THE TASK: Please reproduce, exactly as given, the lines running from the start of the data to the line containing "Ceremonial Medicine making", inclusive, and omit the pictures.

DATASET EXTRACT:

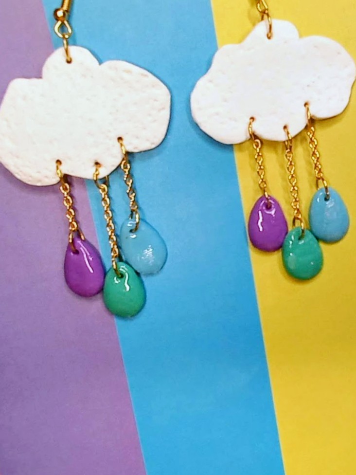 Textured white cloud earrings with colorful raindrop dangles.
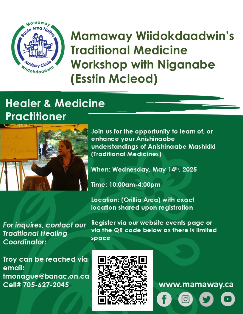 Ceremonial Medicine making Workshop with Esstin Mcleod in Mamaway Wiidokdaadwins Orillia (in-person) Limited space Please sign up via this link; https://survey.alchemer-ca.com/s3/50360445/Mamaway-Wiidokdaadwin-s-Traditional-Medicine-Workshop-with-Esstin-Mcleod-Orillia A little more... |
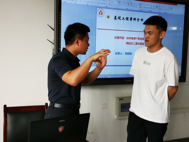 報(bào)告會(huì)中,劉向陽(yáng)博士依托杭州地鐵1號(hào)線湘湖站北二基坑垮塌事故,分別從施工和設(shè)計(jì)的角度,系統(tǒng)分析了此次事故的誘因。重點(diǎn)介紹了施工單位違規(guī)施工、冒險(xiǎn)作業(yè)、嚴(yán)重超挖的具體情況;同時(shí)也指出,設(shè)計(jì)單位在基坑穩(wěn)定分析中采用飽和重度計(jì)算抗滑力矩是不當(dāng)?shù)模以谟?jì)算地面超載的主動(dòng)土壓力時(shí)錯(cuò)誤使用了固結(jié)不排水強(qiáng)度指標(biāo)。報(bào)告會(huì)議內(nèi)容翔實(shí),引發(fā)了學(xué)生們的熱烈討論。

OUTPUT FOR THIS EXERCISE:
 Textured white cloud earrings with colorful raindrop dangles.
 Ceremonial Medicine making Workshop with Esstin Mcleod in Mamaway Wiidokdaadwins Orillia (in-person) Limited space Please sign up via this link; https://survey.alchemer-ca.com/s3/50360445/Mamaway-Wiidokdaadwin-s-Traditional-Medicine-Workshop-with-Esstin-Mcleod-Orillia A little more... |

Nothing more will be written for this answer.